For high grade urothelial carcinoma, 73 confocal videos from 27 pathologically confirmed tumors were ana- lyzed. With WLC, high-grade tumors were variable in appearance, ranging from papillary, to sessile, to flat. Microscopically, confocal criteria for high grade tumors overlap with those of low grade, including densely packed cells and presence of fibrovascular stalks. Consistently, however, high grade tumors exhibited a far more distorted microarchitecture; these tumors exhibited a pleomorphic population of irregularly shaped cells with loss of cellular cohesiveness, indistinct cell borders, and disorganized vasculature (Fig. 3G–J). Interestingly, neither the umbrella cell layer nor the capillary network of the lamina propria commonly seen in normal urothelium were visualized with pCLE of urothelial carcinoma, including Ta, T1, and CIS.

Among the most challenging lesions to diagnose on WLC, CIS appears typically as erythematous patches, which are difficult to differentiate from benign conditions, such as post-BCG granulomatous reaction, Foley catheter reaction, urinary tract infections, or scarring from previous resection. In our study, 7 of the high-grade tumors imaged were confirmed to be CIS. Figure 4 shows a comparison between CIS and benign conditions. Confocal features of CIS include larger, more pleomorphic cells compared to inflammatory conditions, indistinct cell borders, and extensive acellular areas that may be due to denuded urothelium. In contrast, confocal imaging of tissue with inflammation showed loosely arranged aggregations of smaller monomorphic cells in the lamina propria consistent with local recruitment of inflammatory cells. Confocal images of scar tissue revealed characteristics similar to the intermediate cells and lamina propria of normal urothelium.

Figure 4.

Figure 4

Images of erythematous flat lesions in the bladder by WLC, pCLE, and corresponding H&E sections. (A and D) Cystoscopic view of erythematous patches in 2 patients with CIS. Cautery mark in A used to coregister pCLE imaging and biopsy site. (B and E) Confocal images showing large pleomorphic cells, loss of cellular cohesiveness, and indistinct cellular borders. (C and F) Characteristic histologic images of CIS, with full-thickness high-grade cellular atypia, increased nuclear/cytoplasmic ratios, nuclear hyperchromasia, nuclear pleomorphism, and cellular discohesion. (G) Erythematous patch on WLC with (H) small monomorphic cells infiltrating the lamina propria and (I) chronic lymphocytic infiltrate on histology. (J) Patient with scar from previous TURBT showing (K) normal appearing intermediate cells with clear cell borders and (L) thickened lamina propria on histology.

DISCUSSION

In this study, we have compiled a confocal imaging atlas of the lower and upper urinary tract and developed diagnostic criteria for normal, inflammatory, and malignant lesions of the bladder. Expanding on our feasibility report (n = 27),8 we have confirmed the safety profile of fluorescein administration. Key criteria for normal and benign epithelium include uniform cellular architecture, and visualization of the lamina propria layer and its capillary network. Low-grade carcinoma was characterized by fibrovascular stalks, and high cellular density, whereas high-grade carcinoma was characterized by irregular architecture and pleomorphic cells. These distinct characteristics were consistently observed in normal urothelium and bladder cancer. Development of objective diagnostic criteria is essential for future studies on the diagnostic accuracy (sensitivity, specificity, and positive and negative predictive value) of pCLE in the urinary tract.

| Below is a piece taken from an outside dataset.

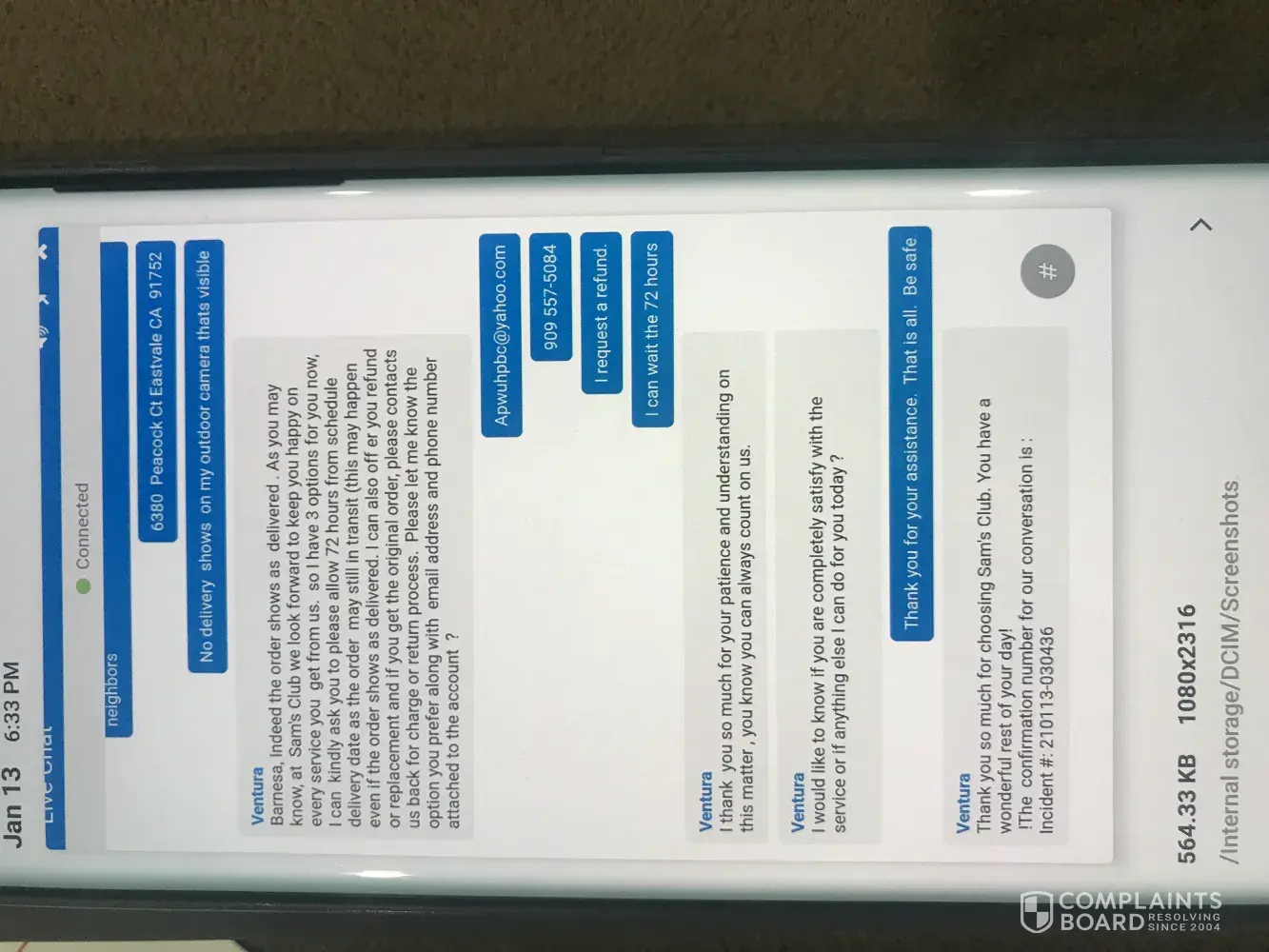 My online order [protected] was delivered to the wrong address. I contacted Sams Club through online chat incident #[protected]. The rep Ventura asked that I wait an additional 72 hours before they would refund me. That time was up on 1/17/2021. I contacted them again on 1/18/2021 to request my refund and was told I must wait additional time. This is unfair! Now I want the order and my refund.

Previously, we had found the small FOV and motion sensitivity of the confocal probe to be limitations.8 In the present study, the mosaicing algorithm was used during offline analysis of confocal video sequences to create static images with wider FOV and to compensate for motion introduced by the operator or the subject (eg, diaphragmatic motion or vascular pulsation). For example, mosaicing of the prostatic urethra images enabled us to visualize a single prostatic gland within the context of other glands in the stroma (Fig. 1B). If applied in real time during TURBT, this mosaicing algorithm may potentially delineate tumor boundaries by highlighting the transitional area of the lesion with adjacent normal tissue, especially in the case of broad based tumors or CIS where the borders are not distinct on WLC.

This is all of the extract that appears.